ABOUT THIS TASK: Only one stretch of the data below is wanted: the lines starting at the one with "Grasnelken, Felsauswaschungen, Steinhügelgräber" and ending at the one with "This stunning Murano", both included, given again exactly.

MATERIAL TO PROCESS:
=-=-=-=-=
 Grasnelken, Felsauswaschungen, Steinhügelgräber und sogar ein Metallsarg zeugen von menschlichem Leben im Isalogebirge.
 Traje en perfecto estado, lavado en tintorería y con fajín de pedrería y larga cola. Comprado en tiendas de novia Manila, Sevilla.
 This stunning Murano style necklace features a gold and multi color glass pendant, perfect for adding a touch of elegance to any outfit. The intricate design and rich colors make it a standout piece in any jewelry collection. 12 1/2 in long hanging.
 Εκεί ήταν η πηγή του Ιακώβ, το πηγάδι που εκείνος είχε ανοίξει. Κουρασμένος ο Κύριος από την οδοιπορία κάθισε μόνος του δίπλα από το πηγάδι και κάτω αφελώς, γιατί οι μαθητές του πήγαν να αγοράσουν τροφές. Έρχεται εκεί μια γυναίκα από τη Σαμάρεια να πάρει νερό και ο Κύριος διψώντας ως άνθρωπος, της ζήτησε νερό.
=-=-=-=-=
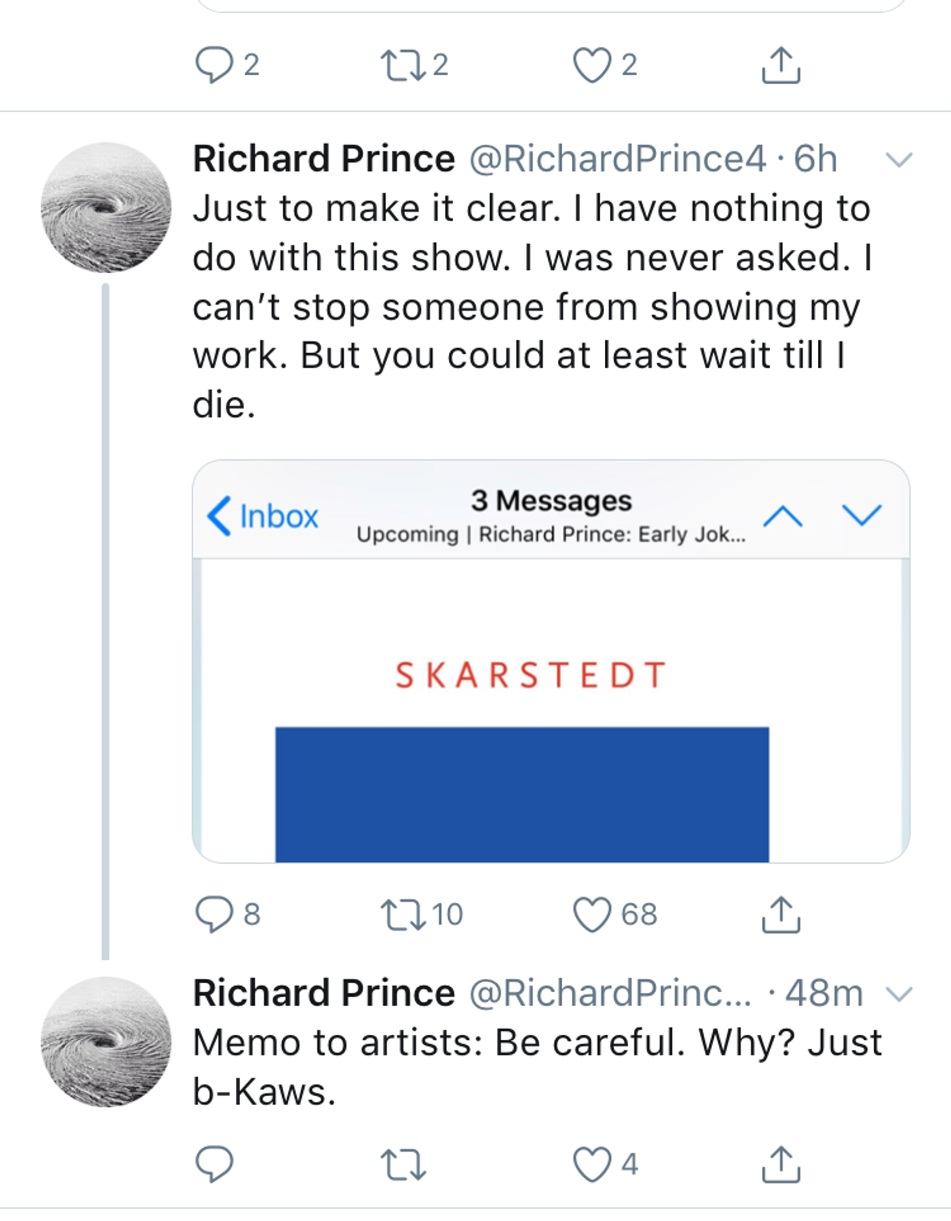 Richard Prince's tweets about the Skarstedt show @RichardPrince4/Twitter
=-=-=-=-=
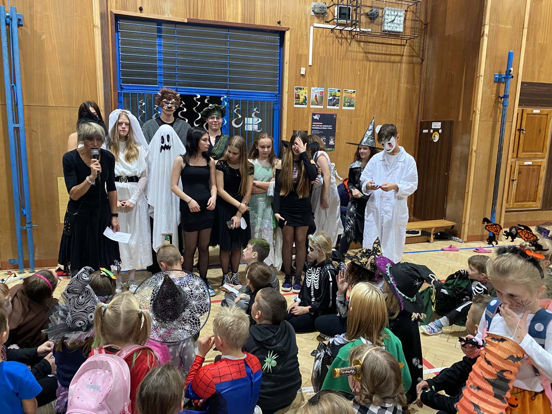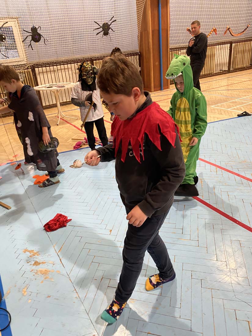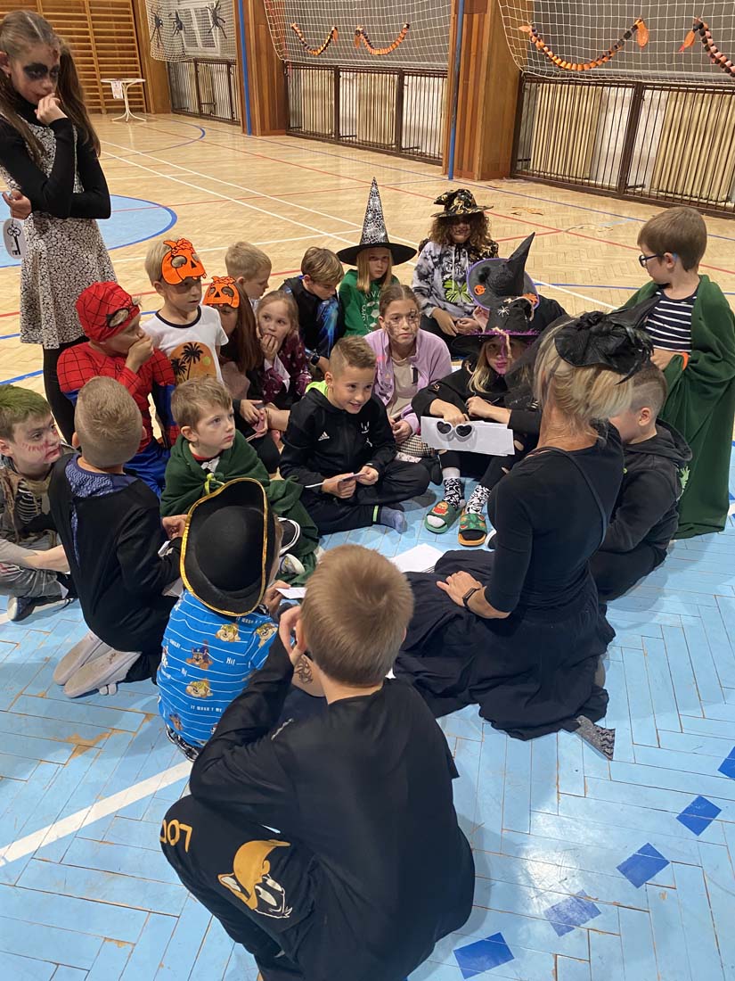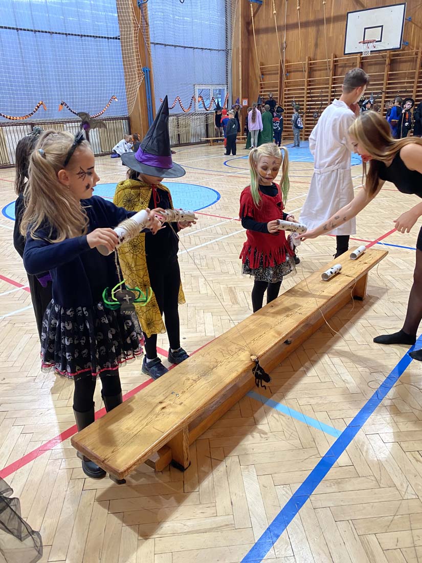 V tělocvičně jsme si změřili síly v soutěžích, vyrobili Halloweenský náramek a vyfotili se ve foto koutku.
=-=-=-=-=
ANSWER SPACE:
 Grasnelken, Felsauswaschungen, Steinhügelgräber und sogar ein Metallsarg zeugen von menschlichem Leben im Isalogebirge.
 Traje en perfecto estado, lavado en tintorería y con fajín de pedrería y larga cola. Comprado en tiendas de novia Manila, Sevilla.
 This stunning Murano style necklace features a gold and multi color glass pendant, perfect for adding a touch of elegance to any outfit. The intricate design and rich colors make it a standout piece in any jewelry collection. 12 1/2 in long hanging.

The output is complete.